Trump says he has spoken to Putin about ending Ukraine war, reports NY Post
Kremlin spokesman tells TASS state news agency that "many different communications are emerging"
MOSCOW: US President Donald Trump said he has spoken to Russian President Vladimir Putin by phone about ending the war in Ukraine, the New York Post reported, the first officially acknowledged conversation between Putin and a US president since early 2022.
Trump, who has promised to end the war but not yet set out in public how he would do so, said last week that the United States was talking to both the Russians and Ukrainians about resolving the conflict, but he gave no additional details.
In an interview from Air Force One on Friday, Trump told the New York Post that he had “better not say” how many times he and Putin had spoken. He also did not disclose when the latest conversation had taken place.
“He (Putin) wants to see people stop dying,” Trump said.
Kremlin spokesman Dmitry Peskov told the TASS state news agency that “many different communications are emerging”.
“I personally may not know something, be unaware of something,” Peskov said when asked by TASS to comment. “Therefore, in this case, I can neither confirm nor deny it.”
Asked during an NBC News interview on Sunday when the conversation or conversations between Trump and Putin took place, US National Security Adviser Mike Waltz also declined to say.
“I’m not going to get ahead of the president and there certainly are a lot of sensitive conversations going on,” Waltz said. Trump has repeatedly said he wants to end the war and that he will meet with Putin to discuss it, though the date or venue for a summit is still not publicly known.
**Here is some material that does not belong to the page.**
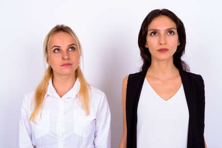 Take photo with mobile camera in two woman hands isolated on white studio background

Saudi Arabia and the United Arab Emirates are seen by Russia as possible venues for a summit, Reuters reported earlier this month.
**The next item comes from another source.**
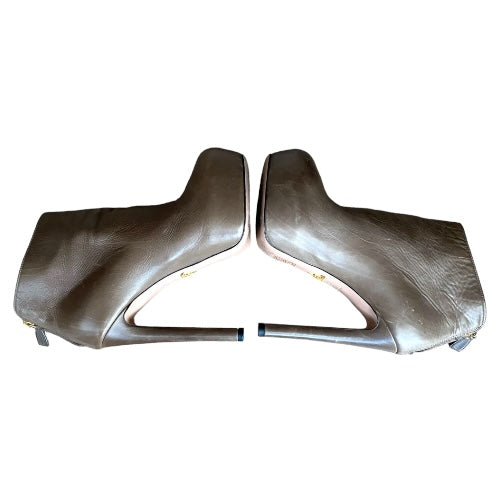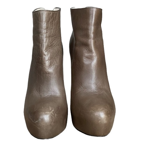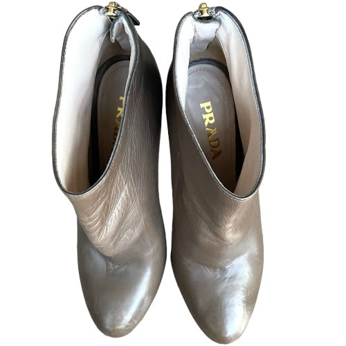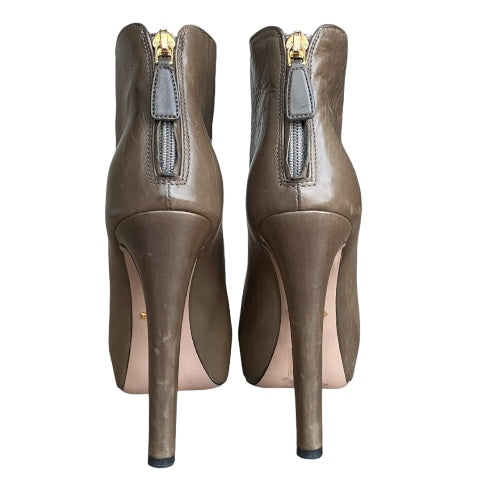 PRADA Taupe Leather Hidden Platform Ankle Booties, Size 36

In the coming days, a flurry of US officials are heading to Europe in part to discuss the war, including Secretary of State Marco Rubio, Secretary of Defense Pete Hegseth, Vice President JD Vance and Keith Kellogg, the special envoy for the Ukraine war.
In the NBC interview, Waltz indicated that Trump would be willing to use sanctions and tariffs to coax Putin to the negotiating table.
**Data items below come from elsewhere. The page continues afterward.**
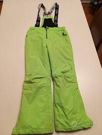 Pantaloni salopette da sci, marca CMP, modello Feel Warm Flat 5000, nuovi, caldissimi, colore verde lime. Bretelle regolabili, tre tasche zip. Adatti per un età tra i 8 e i 12 anni per un'altezza massima di 155 cm.
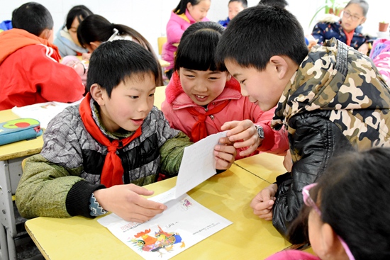 同学们互相分享着同龄朋友的情谊和问候,并且纷纷拿起手中的笔来进行回信,有的孩子还准备制作一些有益的小卡片来送给东风22小学的朋友。
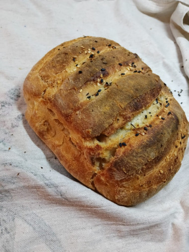 Привлёк мое внимание рецепт чиабатты на ржаной закваске в домашних условиях. Как раз у меня была созревшая закваска и я решила приготовить. Сам рецепт простым не показался. Делала чиабатту на пшеничной муке. Давала расстроятся, 4 раза сворачивала и опять давала постоять.
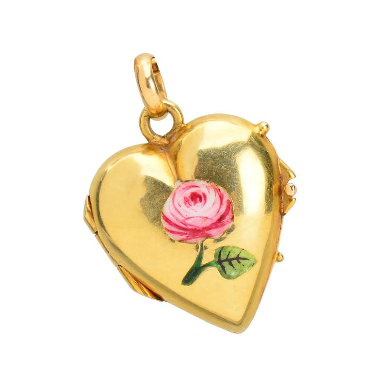 It is said you should always keep a smile in your heart, but a rose may be just as soothing. Petite and utterly charming, this puffy little heart locket can hold two tiny photographs. It is created in 15k yellow gold, and is an antique dating to circa 1900

Waltz said US and Ukrainian officials would discuss the United States gaining access to Ukraine’s rare earth resources as compensation for US aid to the eastern European ally.“Those conversations are going to happen this week,” he said.
On June 14, Putin set out his opening terms for an immediate end to the war: Ukraine must drop its Nato ambitions and withdraw its troops from the entirety of the territory of four Ukrainian regions claimed and mostly controlled by Russia.
Reuters reported in November that Putin is open to discussing a Ukraine peace deal with Trump but rules out making any major territorial concessions and insists that Kyiv abandon ambitions to join Nato.
The Kremlin has repeatedly urged caution over speculation about contacts with the Trump team over a possible peace deal.
Leonid Slutsky, head of the Russian parliament’s international affairs committee, was cited by the state RIA news agency on Thursday as saying that preparations for such a meeting were at “an advanced stage” and that it could take place in February or March.
Putin last spoke to former US President Joe Biden in February 2022, shortly before Putin ordered thousands of troops into Ukraine.
Washington Post journalist Bob Woodward in his 2024 book “War” reported that Trump had direct conversations as many as seven times with Putin after he left the White House in 2021.
Asked if that were true in an interview to Bloomberg last year, Trump said: “If I did, it’s a smart thing.” The Kremlin denied Woodward’s report.
Reuters, The Washington Post and Axios reported separately that Trump and Putin talked in early November. The Kremlin also denied those reports. On Friday, Trump said he would probably meet Ukrainian President Volodymyr Zelenskiy next week to discuss ending the war. Zelenskiy said that he wanted Ukraine to supply the United States with rare earths and other minerals in return for financially supporting its war effort. Putin sent thousands of troops into Ukraine in 2022, calling it a “special military operation” to protect Russian speakers and counter what he said was a grave threat to Russia from potential Ukrainian membership of Nato.